## Material provided
- Opening Delimiter -
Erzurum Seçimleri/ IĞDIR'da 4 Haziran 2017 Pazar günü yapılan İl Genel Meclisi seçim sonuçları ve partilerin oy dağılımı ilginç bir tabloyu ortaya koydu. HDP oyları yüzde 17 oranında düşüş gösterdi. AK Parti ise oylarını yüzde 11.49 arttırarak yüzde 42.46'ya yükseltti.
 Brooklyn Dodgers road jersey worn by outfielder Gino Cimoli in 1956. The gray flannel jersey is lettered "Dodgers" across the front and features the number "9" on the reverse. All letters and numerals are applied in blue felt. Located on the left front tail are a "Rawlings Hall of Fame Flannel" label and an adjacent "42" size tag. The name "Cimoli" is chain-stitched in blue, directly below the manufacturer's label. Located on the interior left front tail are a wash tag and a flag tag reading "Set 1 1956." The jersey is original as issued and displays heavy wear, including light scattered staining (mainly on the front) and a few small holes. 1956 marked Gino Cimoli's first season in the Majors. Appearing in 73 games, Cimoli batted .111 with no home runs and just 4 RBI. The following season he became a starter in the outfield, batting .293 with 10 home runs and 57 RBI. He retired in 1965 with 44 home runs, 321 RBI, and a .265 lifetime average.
- Closing Delimiter -
- Opening Delimiter -
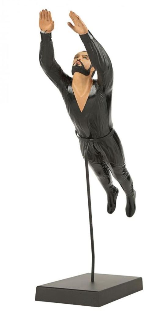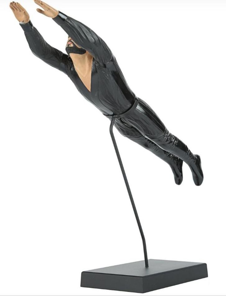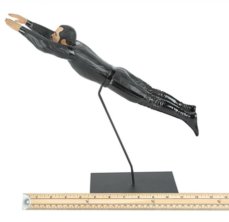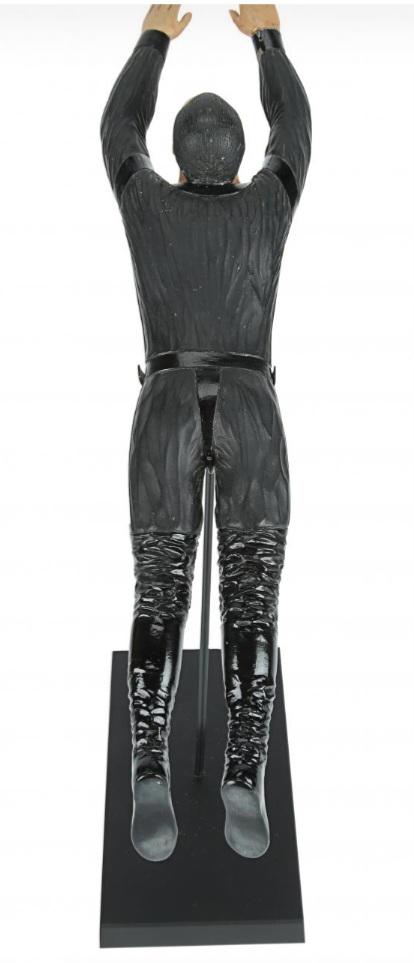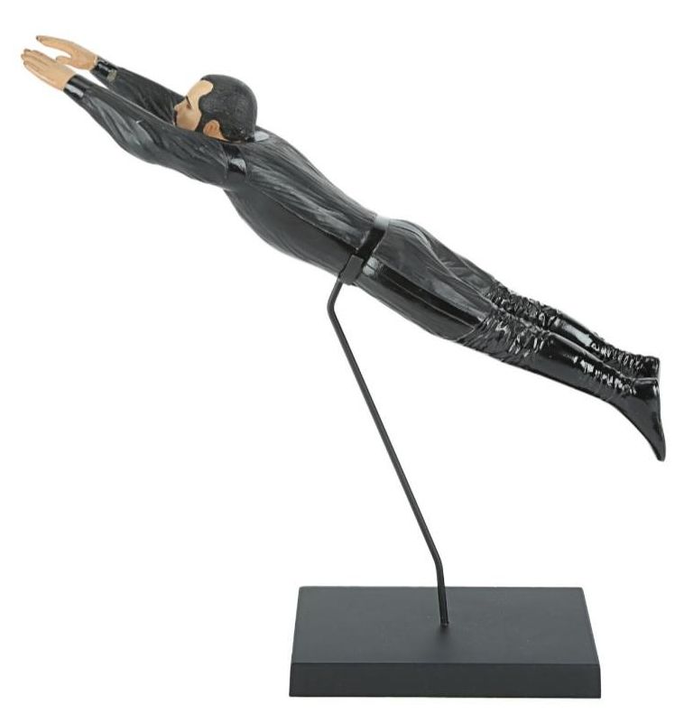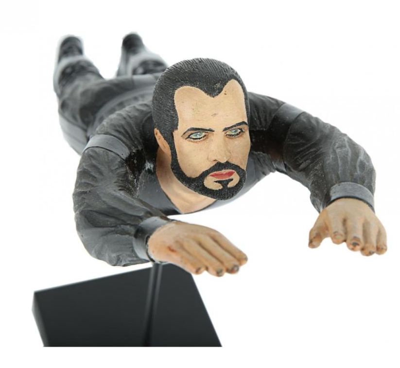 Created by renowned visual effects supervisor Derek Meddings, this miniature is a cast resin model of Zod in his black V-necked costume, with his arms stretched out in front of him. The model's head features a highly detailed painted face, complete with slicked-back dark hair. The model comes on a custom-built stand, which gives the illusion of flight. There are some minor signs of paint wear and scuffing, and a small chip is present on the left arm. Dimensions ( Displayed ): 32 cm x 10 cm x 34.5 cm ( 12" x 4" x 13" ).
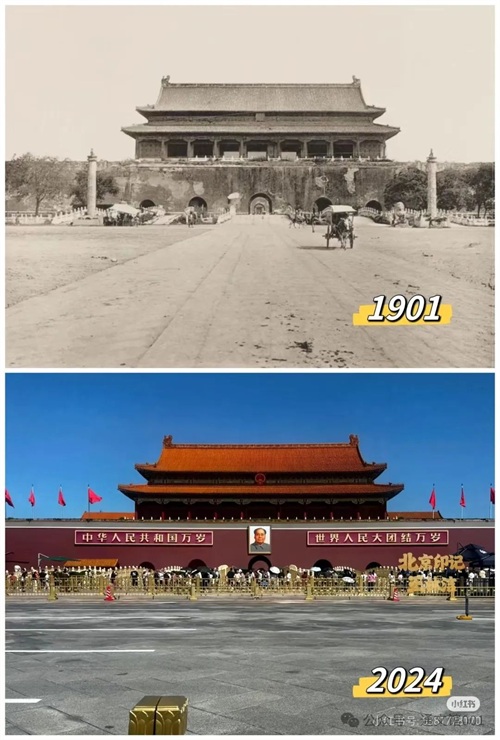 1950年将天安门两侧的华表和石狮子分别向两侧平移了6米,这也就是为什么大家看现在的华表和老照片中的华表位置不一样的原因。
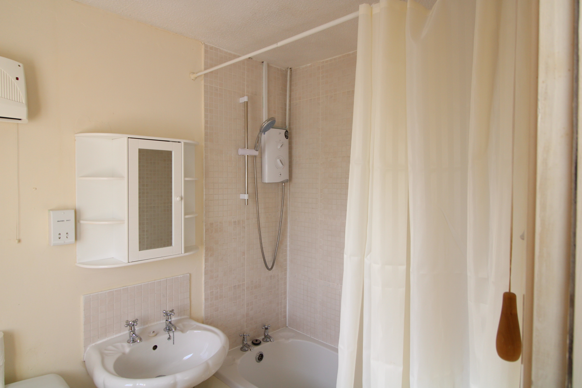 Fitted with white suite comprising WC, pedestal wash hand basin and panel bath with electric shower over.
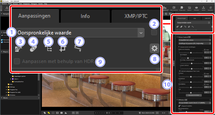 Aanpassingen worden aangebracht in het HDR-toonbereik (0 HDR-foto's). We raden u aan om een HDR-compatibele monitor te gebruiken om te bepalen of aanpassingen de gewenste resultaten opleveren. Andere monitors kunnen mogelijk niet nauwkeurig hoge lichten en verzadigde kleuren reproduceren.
- Closing Delimiter -
## What the task asks
Copy only the lines above from the one containing "Created by renowned" through the one containing "Aanpassingen worden aangebracht", both included. Leave out the pictures.

## Response
 Created by renowned visual effects supervisor Derek Meddings, this miniature is a cast resin model of Zod in his black V-necked costume, with his arms stretched out in front of him. The model's head features a highly detailed painted face, complete with slicked-back dark hair. The model comes on a custom-built stand, which gives the illusion of flight. There are some minor signs of paint wear and scuffing, and a small chip is present on the left arm. Dimensions ( Displayed ): 32 cm x 10 cm x 34.5 cm ( 12" x 4" x 13" ).
 1950年将天安门两侧的华表和石狮子分别向两侧平移了6米,这也就是为什么大家看现在的华表和老照片中的华表位置不一样的原因。
 Fitted with white suite comprising WC, pedestal wash hand basin and panel bath with electric shower over.
 Aanpassingen worden aangebracht in het HDR-toonbereik (0 HDR-foto's). We raden u aan om een HDR-compatibele monitor te gebruiken om te bepalen of aanpassingen de gewenste resultaten opleveren. Andere monitors kunnen mogelijk niet nauwkeurig hoge lichten en verzadigde kleuren reproduceren.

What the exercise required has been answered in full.